Люк мог поклясться, что это слово было произнесено сквозь зубы.
– Не поладили? – вырвалось у Люка. Вейдер не ответил.
– Значит, - сказал он, - Оуэн терпеть не мог Бена Кеноби. Интересно. А Бен Кеноби – Оуэна?
– Не знаю… Он ничего не говорил об этом.
– Он тебе объяснил, почему не пытался учить тебя все девятнадцать лет? И почему потом стал обучать?
– Нет. Он просто сказал: ты должен идти со мной и учиться использовать Силу. Ну, это было после того, как мы получили дроида с посланием…
– Бейл, - сказал Вейдер без выражения. Медленно согнул и разогнул пальцы в перчатке. Люк заворожено смотрел на этот жест.
– Па… а у тебя сколько протезов?
Он тут же прикусил язык. Но было поздно. Впрочем, Вейдер отреагировал на вопрос удивительно спокойно.

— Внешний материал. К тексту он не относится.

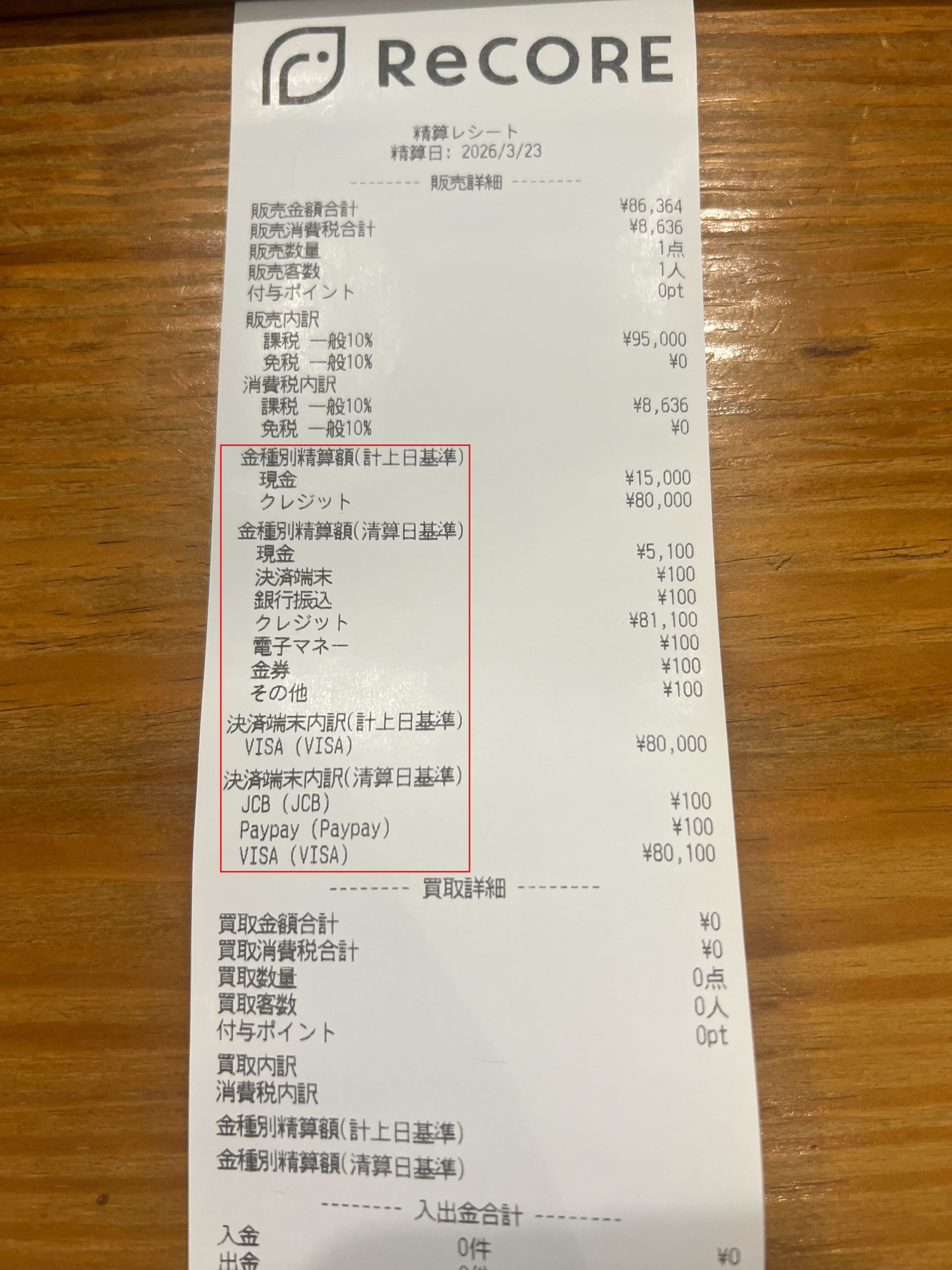 金種別精算額(計上日基準):0円

– Голова пока своя, - сказал он, в то время как Люк неудержимо краснел и ругал себя болваном. – Туловище тоже. Так что есть сердце и мозги. Это главное.
– Извини…
– Меня сейчас это мало волнует, - ответил Вейдер. – Когда-то волновало. Но тогда была другая ситуация.
– Подожди, а… левая рука?
Вейдер помолчал.
– Это долгая история, - наконец, сказал он. – И она завязана отнюдь не на протезах.
– Но…
– Что но?
– Не знаю, - сказал Люк растеряно. – Я вообще плохо понимаю, что я хотел спросить. Голова какая-то…

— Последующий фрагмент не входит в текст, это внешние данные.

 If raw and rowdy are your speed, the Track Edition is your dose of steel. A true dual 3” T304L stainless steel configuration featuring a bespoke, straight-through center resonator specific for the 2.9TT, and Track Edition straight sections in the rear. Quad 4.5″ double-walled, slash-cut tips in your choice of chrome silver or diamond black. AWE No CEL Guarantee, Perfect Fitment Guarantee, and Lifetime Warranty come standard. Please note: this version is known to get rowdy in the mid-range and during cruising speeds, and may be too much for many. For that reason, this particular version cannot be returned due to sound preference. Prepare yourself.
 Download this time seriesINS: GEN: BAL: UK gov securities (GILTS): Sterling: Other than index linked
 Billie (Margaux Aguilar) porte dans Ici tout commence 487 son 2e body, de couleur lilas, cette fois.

Голова была тяжёлой. Неожиданно очень тяжёлой.
– Пап, - сказал Люк в странном сомнамбулическом состоянии. – А всё-таки… что там было?
– Где?
– На Мустафаре.
– На Мустафаре? Почему – на Мустафаре?
– Я должен знать…
Голова стала совсем тяжёлой и чужой. Он куда-то проваливался… и не мог
остановиться. Но страха не было.Последнее, что он видел, это то, как на него смотрят равнодушные, пустые линзы Тёмного лорда.

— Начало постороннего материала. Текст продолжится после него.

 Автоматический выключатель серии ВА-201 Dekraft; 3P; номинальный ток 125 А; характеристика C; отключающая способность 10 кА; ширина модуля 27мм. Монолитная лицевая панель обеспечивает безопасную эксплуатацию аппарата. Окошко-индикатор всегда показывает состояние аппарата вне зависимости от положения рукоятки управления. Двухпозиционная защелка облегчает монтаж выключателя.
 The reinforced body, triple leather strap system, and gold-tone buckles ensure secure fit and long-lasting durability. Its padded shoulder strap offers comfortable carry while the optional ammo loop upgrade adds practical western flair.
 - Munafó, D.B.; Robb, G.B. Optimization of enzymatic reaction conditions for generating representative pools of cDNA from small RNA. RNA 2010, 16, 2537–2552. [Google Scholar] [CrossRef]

Люк открыл глаза. Ощущения были: как после убойного сна. Тихо свиристело что-то в каюте. Голова не болела, но была донельзя тяжёлой.
Лорд Вейдер сидел к нему боком за столом, опершись локтями о стол. Поза его была усталой.
– Что… - Люк тихо зашипел от внезапной резкой боли в голове, - было?
– Лежи тихо, - сказал Тёмный лорд. – Сейчас пройдёт.
– Что?
Тот повернул к нему маску.
– Последствия того, что было. Я же сказал: лежи тихо.
– Я хотел спросить: что произошло? – пробормотал Люк, откидываясь голову на подушку. В ней шумело. И лучше было не закрывать глаза. Сразу начинали летать какие-то огненные мушки и с неприятной ритмичностью вращаться мир. Он открыл глаза и уставился в потолок.
– Ничего такого, что я бы не мог контролировать, - ответил Вейдер. – Пока.
– Пап, - Люк дёрнулся в настоящей тревоге, перекатился на постели на бок, приподнялся на локте – и тут же в голову всплеснула чёрная волна и разразилась болью. Он охнул и чуть не подвернул локоть, падая назад.
– Я же сказал: лежи тихо! – резко сказал Тёмный лорд. – И не выдумывай себе ужасов, которых нет. Я тебя проверял. Всего-то.
– Проверял? В смысле?
– В смысле вытаскивал то, что у тебя есть в голове. В воспоминаниях, в ощущениях. В интонациях. Весь комплекс.
– А спросить было нельзя?
– Нет. Это недейственно.
– Я хочу сказать: а у меня нельзя было спросить разрешения?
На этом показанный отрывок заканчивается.